Your instructions
All pictures are to be omitted while the lines starting at the line with "멜론의 MAU는 안드로이드" and ending at the line with "放置休闲英雄系卡牌,选择了大" in the material below are retyped exactly, both ends included.

Exercise materials
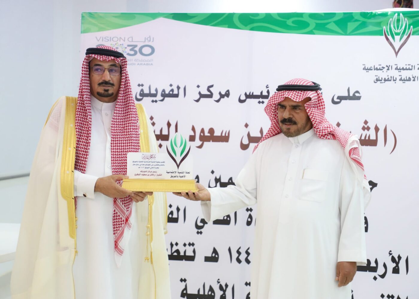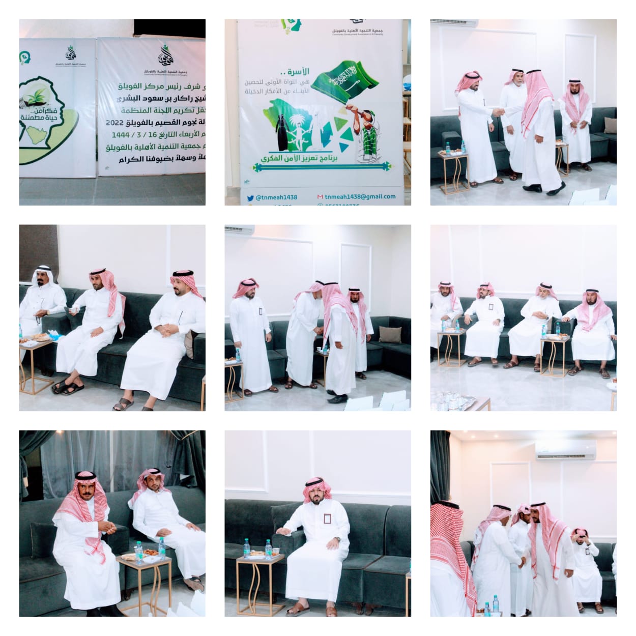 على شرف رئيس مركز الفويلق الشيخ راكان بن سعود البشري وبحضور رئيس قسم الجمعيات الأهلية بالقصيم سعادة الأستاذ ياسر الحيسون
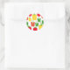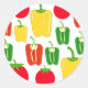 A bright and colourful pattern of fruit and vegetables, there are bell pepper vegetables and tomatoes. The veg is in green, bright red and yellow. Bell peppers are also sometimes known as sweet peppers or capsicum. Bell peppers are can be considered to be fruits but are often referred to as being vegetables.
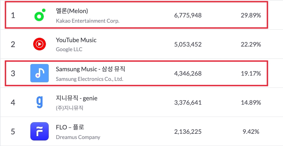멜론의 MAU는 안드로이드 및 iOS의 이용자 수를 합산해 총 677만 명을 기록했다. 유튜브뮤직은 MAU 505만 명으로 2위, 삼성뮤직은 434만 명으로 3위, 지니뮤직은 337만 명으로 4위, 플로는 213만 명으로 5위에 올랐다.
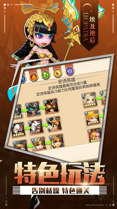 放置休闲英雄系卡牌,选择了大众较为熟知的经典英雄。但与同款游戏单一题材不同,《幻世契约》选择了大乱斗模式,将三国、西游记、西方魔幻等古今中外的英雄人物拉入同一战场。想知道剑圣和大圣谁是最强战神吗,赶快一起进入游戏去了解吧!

==

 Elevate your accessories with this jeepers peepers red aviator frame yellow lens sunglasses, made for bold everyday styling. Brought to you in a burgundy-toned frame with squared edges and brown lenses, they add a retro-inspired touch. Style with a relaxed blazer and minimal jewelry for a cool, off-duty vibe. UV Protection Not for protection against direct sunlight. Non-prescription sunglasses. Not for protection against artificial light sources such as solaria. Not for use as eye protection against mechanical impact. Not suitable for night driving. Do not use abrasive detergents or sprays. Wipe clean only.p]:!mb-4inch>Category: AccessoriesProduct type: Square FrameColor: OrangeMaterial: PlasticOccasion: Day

Written response
멜론의 MAU는 안드로이드 및 iOS의 이용자 수를 합산해 총 677만 명을 기록했다. 유튜브뮤직은 MAU 505만 명으로 2위, 삼성뮤직은 434만 명으로 3위, 지니뮤직은 337만 명으로 4위, 플로는 213만 명으로 5위에 올랐다.
 放置休闲英雄系卡牌,选择了大众较为熟知的经典英雄。但与同款游戏单一题材不同,《幻世契约》选择了大乱斗模式,将三国、西游记、西方魔幻等古今中外的英雄人物拉入同一战场。想知道剑圣和大圣谁是最强战神吗,赶快一起进入游戏去了解吧!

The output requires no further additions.